Inventory Drawdowns Signal Physical Tightness
COMEX and Shanghai silver inventories showed persistent drawdowns throughout the year, with registered stocks falling sharply while Shanghai physical inventories reached decade-low levels. This sustained shortage led to a widening premium of $5.00-$8.00 for Shanghai spot prices over COMEX futures, highlighting stress on traditional arbitrage mechanisms.
Late in 2025, COMEX experienced a "vault drain crisis," with over 60% of registered silver claimed for delivery within four trading days, underscoring the growing gap between outstanding futures contracts and physical availability. The disconnect between paper pricing and deliverable metal has become a key factor driving prices.
China Export Controls Intensify Supply Concerns
China's role in the global silver supply chain has intensified market tightness. As one of the largest refiners and net importers of silver, Chinese inventories saw steady declines. Proposed export licensing requirements from January 2026 are expected to further restrict global metal flows, adding another layer of supply-side concern to the market.
Industrial Demand Provides Structural Support
Silver continues to see strong industrial demand, especially in solar panel manufacturing, electric vehicles, electronics, and medical applications. Estimates suggest that 50-60% of silver demand now stems from industrial use, with applications spanning clean energy projects, solar installations, data centers, and electrification initiatives.

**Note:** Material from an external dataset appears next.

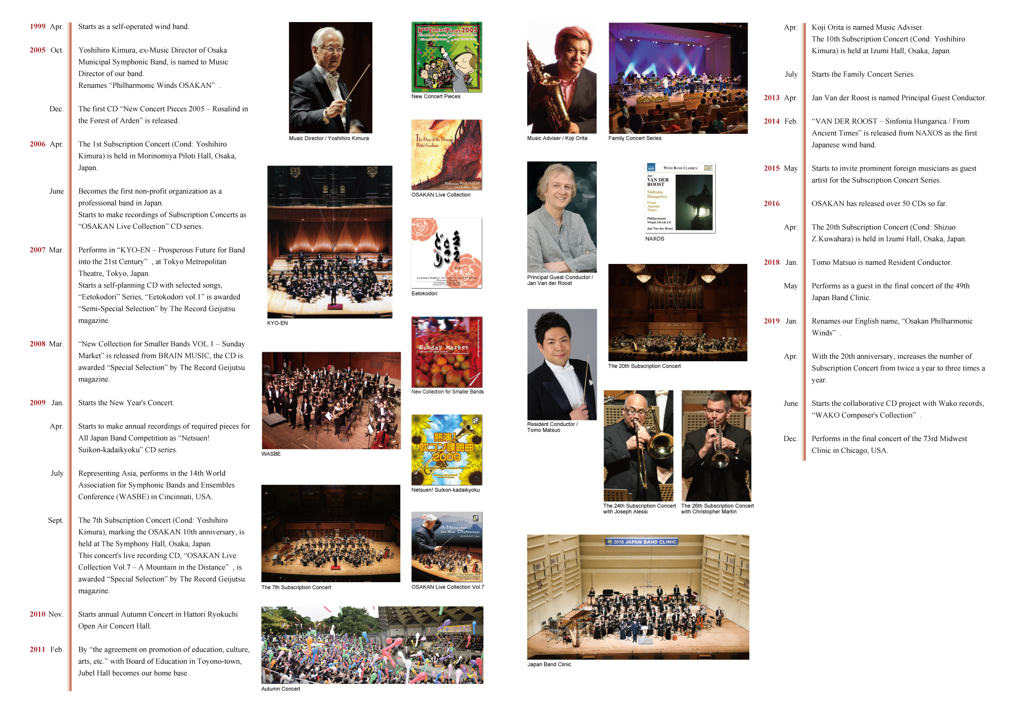 The Osakan Philharmonic Winds was formed in 1999, and became the first non-profit band in 2006, with its home base in JUBEL Hall, Osaka. The ensemble features Yoshihiro Kimura as Honorary Music Director, Tomo Matsuo as Resident Conductor, Jan Van der Roost as Principal Guest Conductor, and Koji Orita as Music Advisor. The OSAKAN annually gives approximately 40 recitals and concerts of varied instrumentation, from full band to chamber ensembles. They often perform in the beautiful IZUMI Concert Hall, welcoming eminent professional musicians such as Joseph Alessi (New York Philharmonic Principal Trombone), Ricardo Morales (Philadelphia Orchestra Principal Clarinet), David Griffin (Chicago Symphony Orchestra Horn), Corrado Giuffredi (Orchesta della Svizzera Italiana Principal Clarinet), and Christopher Martin (New York Philharmonic Principal Trumpet).

| Industrial Applications | Demand Share |
|---|---|
| Total Industrial Demand | 50-60% of total demand |
| Key Sectors | Solar, EVs, electronics, medical |
| Substitutability | Non-substitutable in many cases |
Motilal Oswal's Investment Strategy and Outlook
Navneet Damani, Head of Research – Commodities at Motilal Oswal, said, "Silver's rally in 2025 is shaped by real metal scarcity. Physical deficits, policy-driven supply constraints, and concentrated inventories are increasingly dictating prices, marking a structural change in global silver trading."
Manav Modi, Commodities Analyst at Motilal Oswal, added, "Persistent inventory drawdowns across key hubs and weakening arbitrage between Shanghai and COMEX have exposed the limited availability of deliverable silver. The sustained premium in physical markets reflects genuine supply tightness rather than temporary pricing inefficiencies."
| Price Projections | Target Levels |
|---|---|
| COMEX Target | $77.00 per ounce |
| Domestic Target | ₹2.46 lakh per kg |
| Investment Strategy | Buy-on-dips approach |
| Revision Factors | Supply-demand dynamics, policy developments |
Motilal Oswal maintains a buy-on-dips approach, projecting silver to reach $77.00 on COMEX and ₹2.46 lakh domestically, with further revisions dependent on evolving supply-demand dynamics and policy developments.